Reviews

What I Did Last Summer

A.R. Gurney continues his Signature residency with a homage to his childhood mentor.

Noah Galvin as Charlie and Kristine Nielsen as Anna in A.R. Gurney's What I Did Last Summer, directed by Jim Simpson, at the Pershing Square Signature Center.
Noah Galvin as Charlie and Kristine Nielsen as Anna in A.R. Gurney's What I Did Last Summer, directed by Jim Simpson, at the Pershing Square Signature Center.
(© Joan Marcus)

The romantic war-torn America of 1945 is the backdrop for A.R. Gurney's semiautobiographical story of summer love. What I Did Last Summer, the second work of Gurney's Pershing Square Signature Center residency, is set on the shores of Lake Erie where an all-American 14-year-old boy comes of age while his father is overseas. The shell of the play is an archetypal period piece, where boys will be boys and girls will ride in cars with them, despite their better instincts. Beneath that, however, is an imaginative riff on this era of cookie-cutter living, shaken by the profound platonic romance that unfolds between a boy and the teacher who shows him his own potential.

"This is a play about me when I was fourteen," says Charlie — Noah Galvin's gelled hair, high-waisted pants, and cherubic face painting an idyllic picture of 1940s American wholesomeness. Bing Crosby sings him in while opening stage directions are typed out in a projection on the back wall (a decade-appropriate design by John Narun). The world of the play is sparse, but the world of the playwright is vivid with exaggerated memories playfully brought to life via Jim Simpson's unobtrusive direction on Michael Yeargan's blank palette of a set.

The story itself is as basic as its presentation. In a nutshell, Charlie is frustrated with his molasses-paced adolescence. He yearns for a driver's license, a passing grade in Latin, and a second look from Bonny — a cute young local played by Juliet Brett with endearing teenage insecurity, particularly upon the advances of Charlie's 16-year-old Canadian pal Ted (a self-assured Pico Alexander). In the market for some "manly" work to fill his summer, Charlie lands a gig doing odd jobs for the local outcast — a quirky Boo Radley figure with Indian blood named Anna Trumbull (Kristine Nielsen), though the townies have crudely labeled her the "Pig Woman."

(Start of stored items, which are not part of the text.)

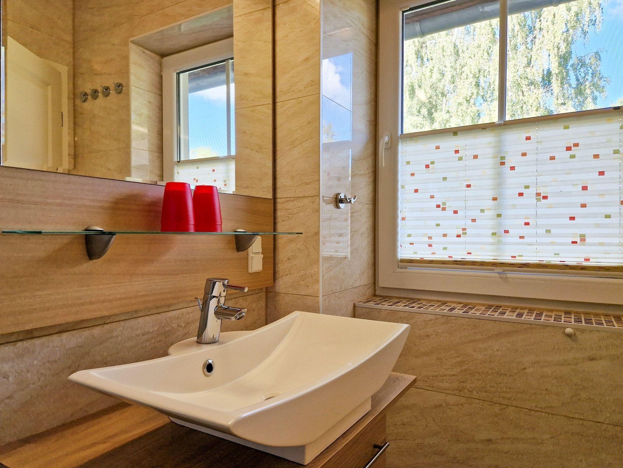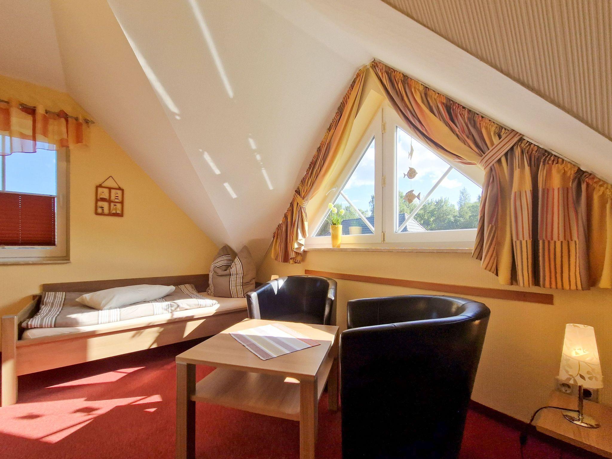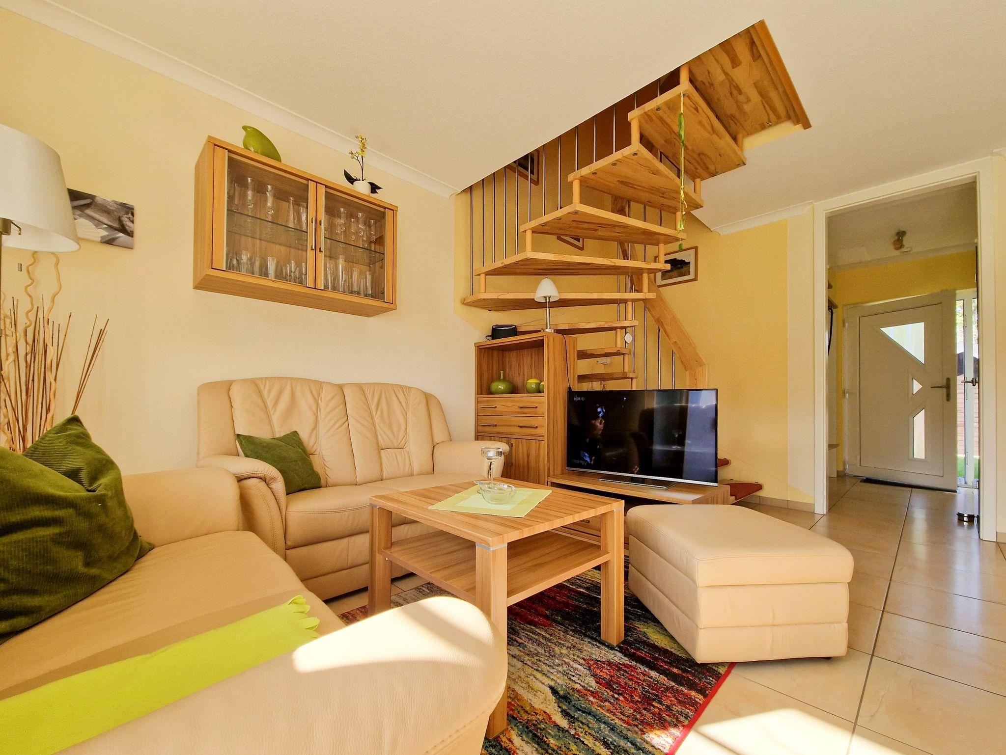 Die liebevoll eingerichteten Ferienwohnungen erstrecken sich über zwei Etagen. Im Erdgeschoss erwartet Sie ein einladender Wohnraum mit einer komplett ausgestatteten Küche sowie einem praktischen Hauswirtschaftsraum, in dem Ihnen auch eine Waschmaschine für kleinere Wäschearbeiten zur Verfügung steht. Zudem finden Sie im Erdgeschoss das Badezimmer mit WC und Dusche.
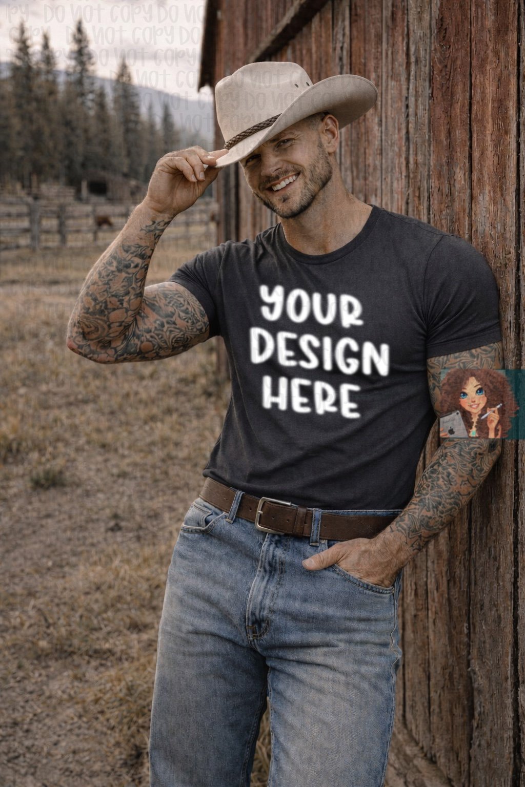 Men’s G5000 charcoal Beau leaning on barn
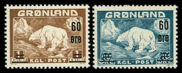 6026 nh 39-40 image1956, 60öre overprints complete (Scott 39-40), complete set of singles, o.g., never hinged, Fine to Very Fine.
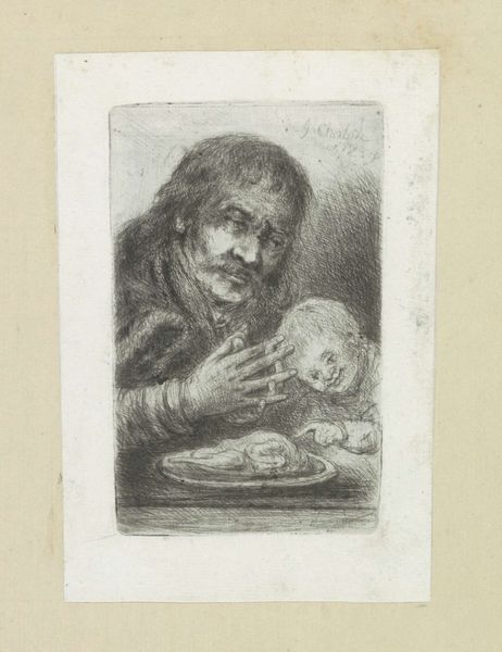 This is an etching by Jan Chalon, made in the 18th century. It depicts a man and child at a table. Notice how the composition is structured around contrasts in texture and light. The artist uses a dense network of fine lines to create a sense of depth, particularly in the man’s face and clothing. The use of hatching and cross-hatching is strategic, building up darker tones to emphasize the shadows, which in turn, gives the figures volume and weight. This contrasts with the smoother areas, such as the child's face, where lighter tones convey softness. The table and the food upon it are rendered with simple, economical lines, anchoring the figures in their immediate environment. The image is more than just a depiction of a man and child. It is a study in contrasts, using the formal elements of line and tone to create a compelling emotional narrative. The etching captures the way simple forms can convey complex feelings, inviting us to interpret the relationship between the figures and the world they inhabit.
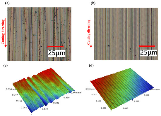 Surface micro-morphology and roughness of different cutting methods: (a,c) CC surface micro-morphology; (b,d) UEVC surface micro-morphology (cutting speed = 4 m/min).
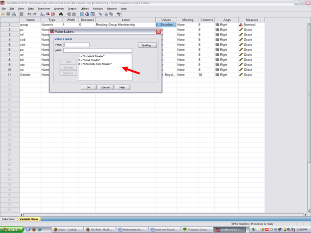 By clicking on variable view, you can see how many groups of students are present in the reading group variable; the names of the groups; and the numbers which have been assigned to each group.
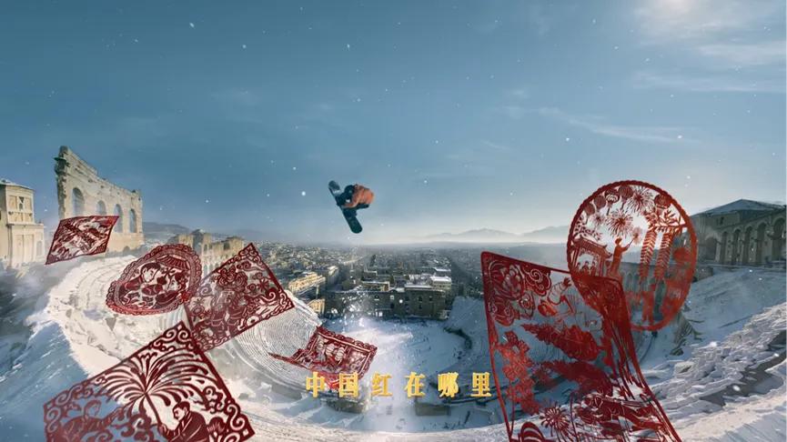 2026年米兰冬奥会,蒙牛TVC《开幕》以“剪纸”为核心意象,却赋予这一传统非遗以全新的表达方式。片中,剪纸不再是静态的装饰,而是由冰雪运动轨迹在空中“刻画”生成的动态叙事线。红色剪纸从内蒙古草原出发,飞越长城,最终抵达米兰斜塔,将品牌发展历程、中国春节文化和奥林匹克精神编织成一幅流动的画卷。
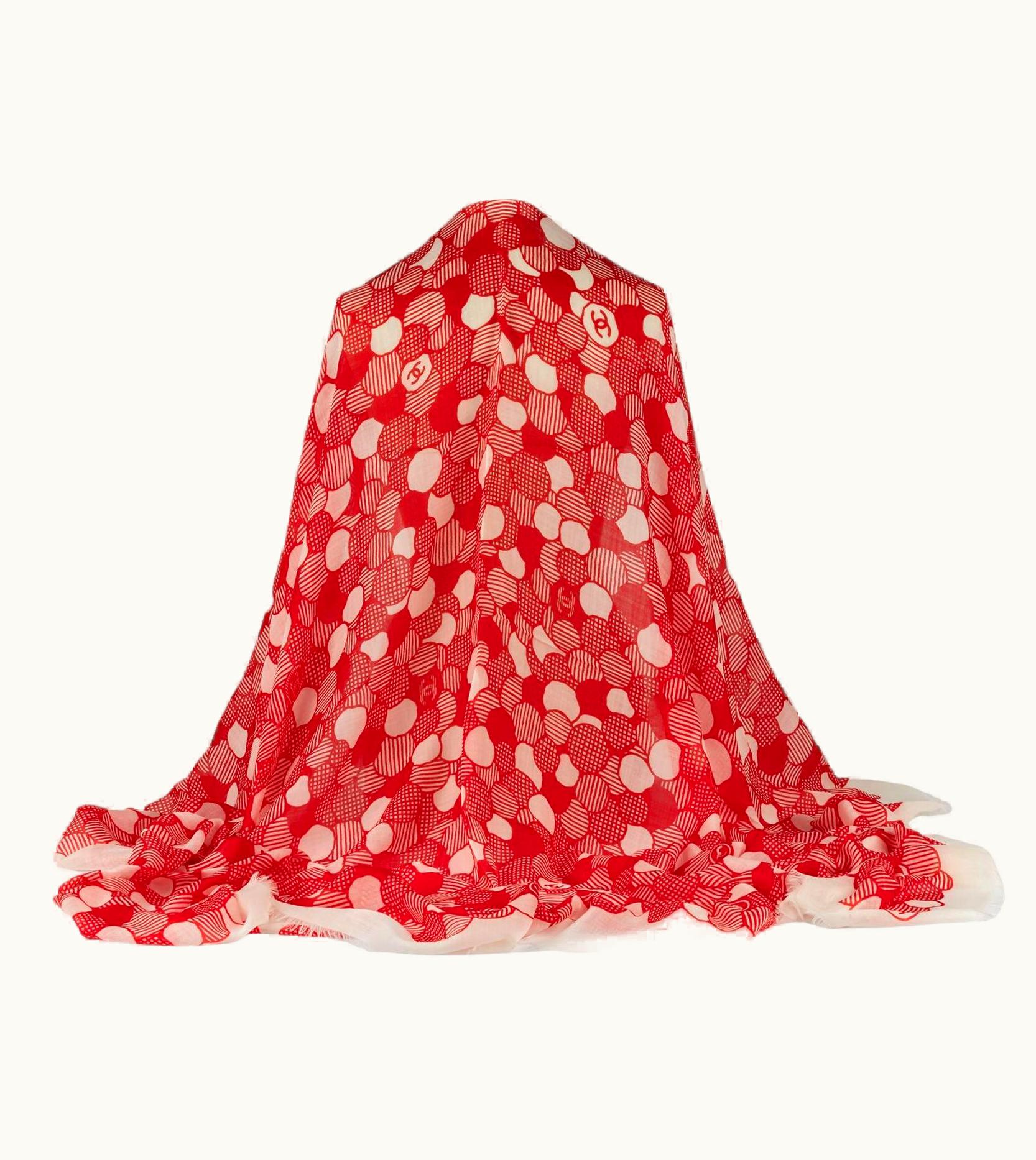 Chanel Red White Camellia Shawl | GLINT
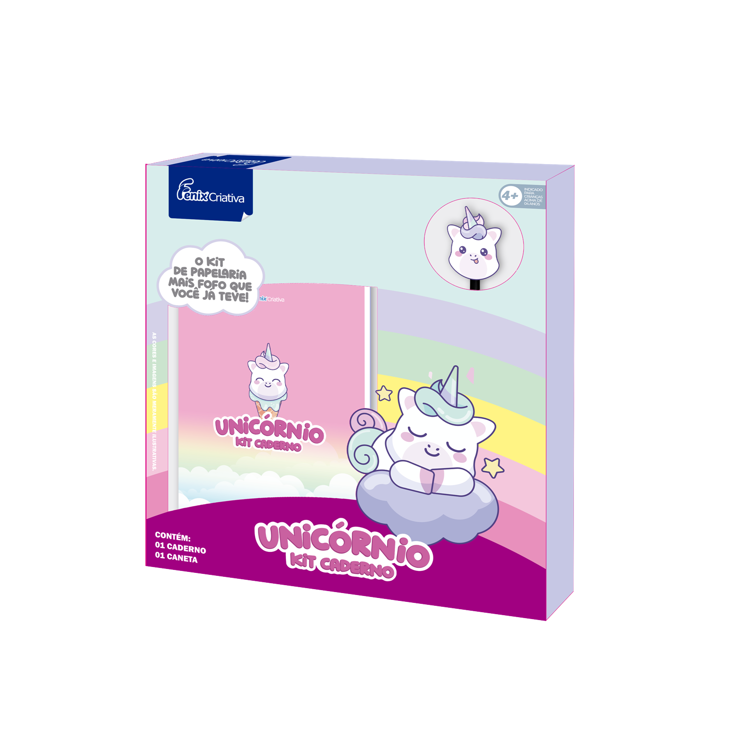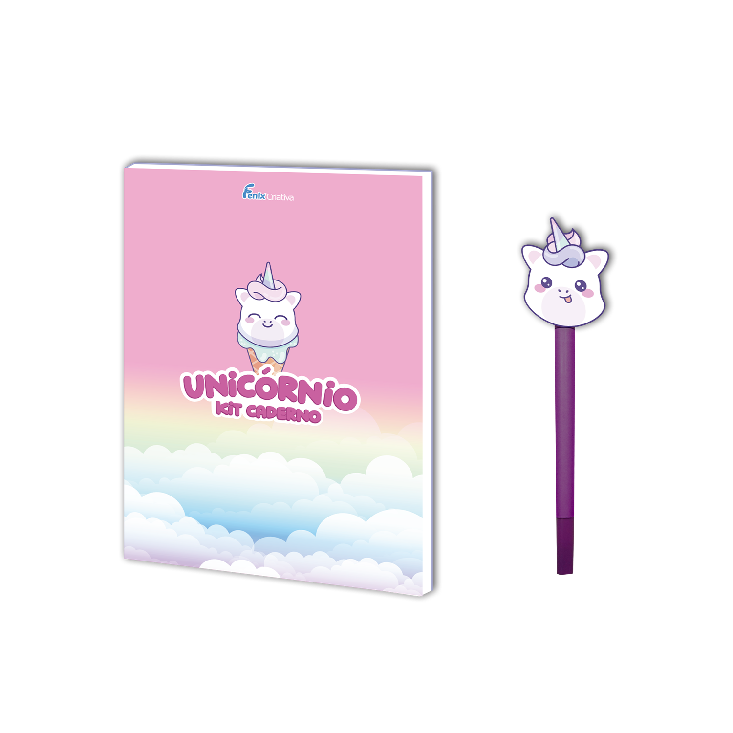 Um lindo kit de caderno do Unicórnio que acompanha uma caneta para as crianças usarem como quiserem, não só oferecendo praticidade, mas também adicionando uma dose extra de fofura.
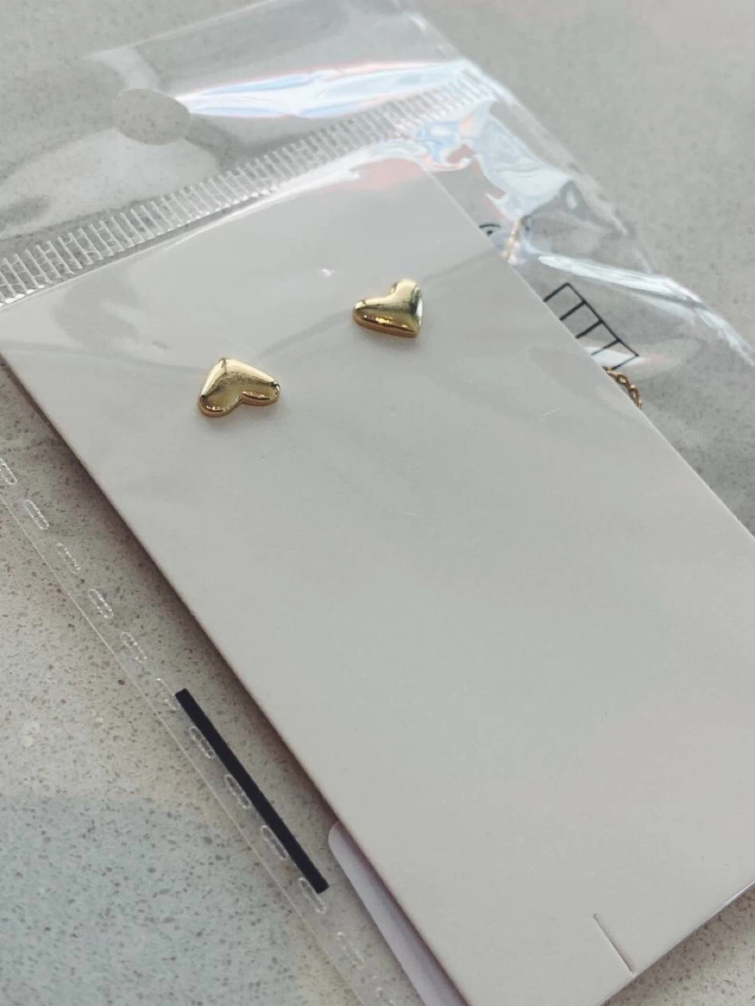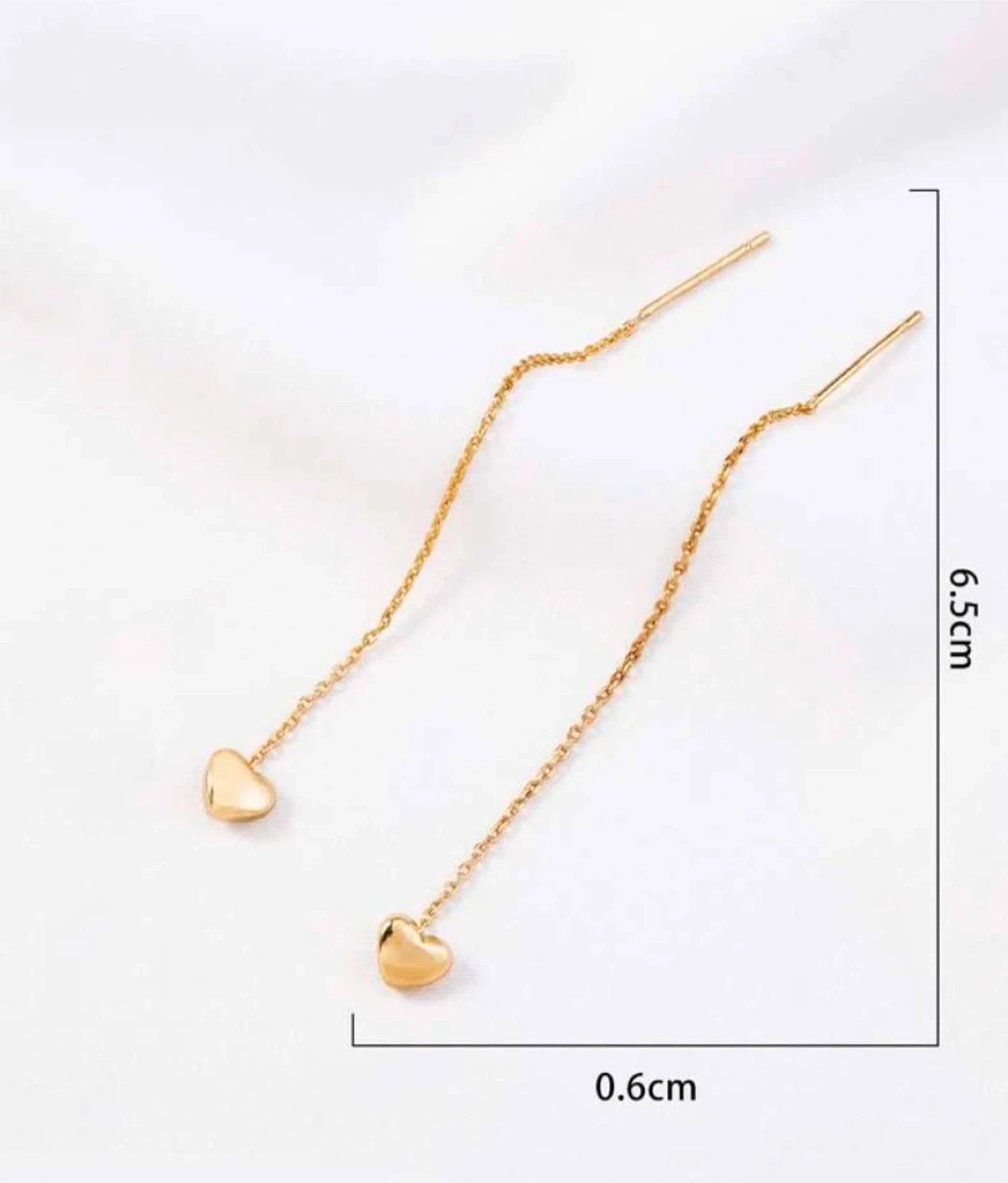 Adorable gold heart dangle earrings. Features small heart charms and delicate chain. Perfect for everyday wear or special occasions.
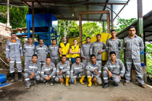 Bulk sampling, plant and underground team at Baroyeca’s Santa Barbara project in Colombia, with president Raul Sanabria and general manager Martha Delgado in yellow vests. Credit: Baroyeca Gold & Silver
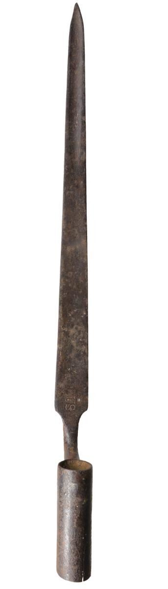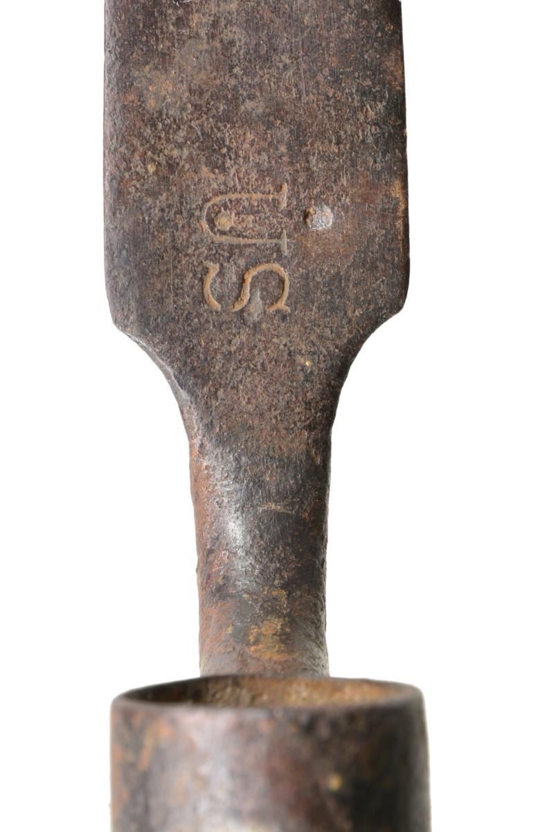 BAYONET. 17" Overall. 13" Blade, 1 1/16" wide w/ 3/8" high letters in surcharge. Revolutionary war & federal era surcharged bayonets are quite rare. This is an honest example w/ rich patina. CONDITION: good to very good overall, a couple sm. light bends on either flange, about 1" crack in socket. PROVENANCE: From the Collection of John "Tim" Breth Jr. (02-13791/JS). $800-1,200.
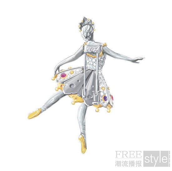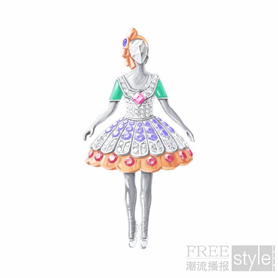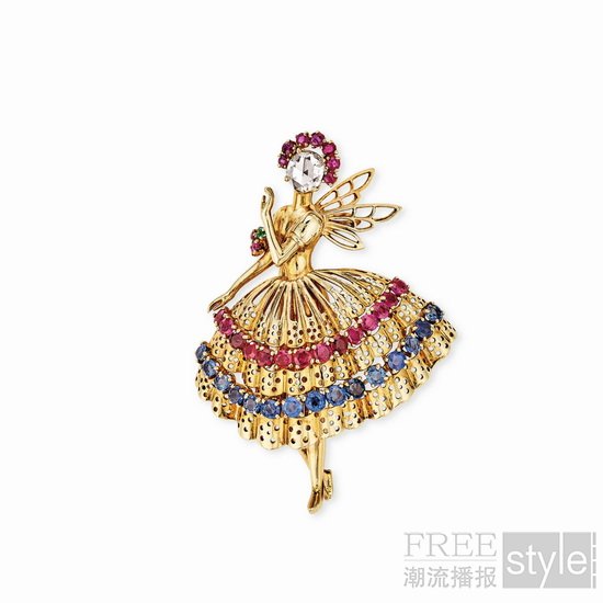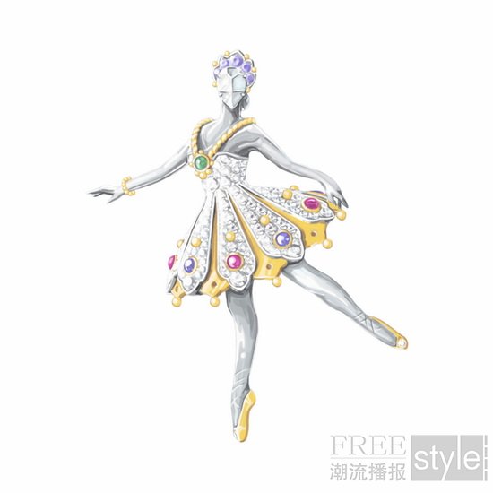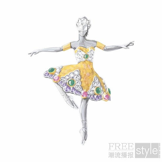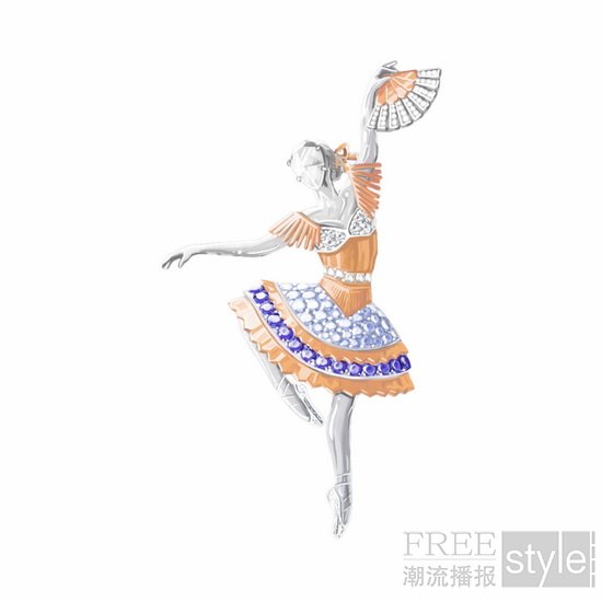 这枚胸针色彩鲜明生动,灵感源自舞伶玛丽‧塔里奥尼(Marie Taglioni)。她曾于1832年在巴黎歌剧院领衔献演由菲利普‧塔里奥尼(Filippo Taglioni)编舞的浪漫芭蕾舞剧《林中仙子》(The Sylph)。作品以珍贵材质重新诠释其服装的标志性元素,呈现镶钻金质翅膀、装饰华丽的紧身胸衣、闪耀的腰带及通体密镶宝石的宽大裙摆。此外,芭蕾舞伶的姿态亦呼应女主角空中动作的轻盈舞姿。
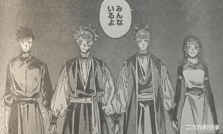 随后,马鲁一人飞向高空开始进行调和,不过此时的他还是开始犹豫了,关键时候,一个人紧紧握住了马鲁的手,这人正是马鲁的双胞胎兄弟克罗斯。然后乙骨真剑、乙骨忧花兄妹也出现了,四个人手拉着手,共同进行调和仪式。

With wide eyes, graying braids, and a grimy pair of overalls (contrasting the rest of Claudia Brown's squeaky-clean Americana costumes), Anna very well may have a few screws loose. Still, she and her property become a kind of refuge for Charlie. His visits are an escape from his morose sister Elsie (a perfectly pouty Kate McGonigle) and mother Grace (Carolyn McCormick), who would prefer he live his life within the culturally condoned lines of 1940s America. McCormick depicts Grace as a loving, though slightly suffocating mother who constantly falls short of Donna Reed's manicured perfection. Anna, on the other hand (with whom Grace turns out to have a storied past), is a free spirit who communes with nature and lives life by the seat of her pants. She pays for Charlie's labor in art lessons, from painting to pottery to poetry, all in search of his elusive "potential" — something Charlie never even knew he possessed. Some of Anna's ultraliberal philosophies begin to seep into his vocabulary, perhaps a soundbite too many for comfort. Even so, through her voice, we can see Charlie slowly developing his own, as is the natural progression when eye-opening ideas are passed from teacher to student.

Nielsen, a Tony-nominated character actress, hits her stride in offbeat characters like Anna. Her aggressive manner is subtly threatening, and yet the energy she exudes suggests a mysterious higher plane, as if she holds the key to new, unexplored horizons. She and Galvin find a sweetness in Anna and Charlie's unorthodox bond, which, even if unhealthily codependent at times, is powerfully formative for both. Gurney uses the play to tell the story of his own childhood "Anna," adding another fascinating layer of history to the memory play and insight into its author's own creative journey. When the extraordinary product of a teacher's influence is on immediate display, that unique, indefinable relationship that shapes an artist's life gets its long-awaited due.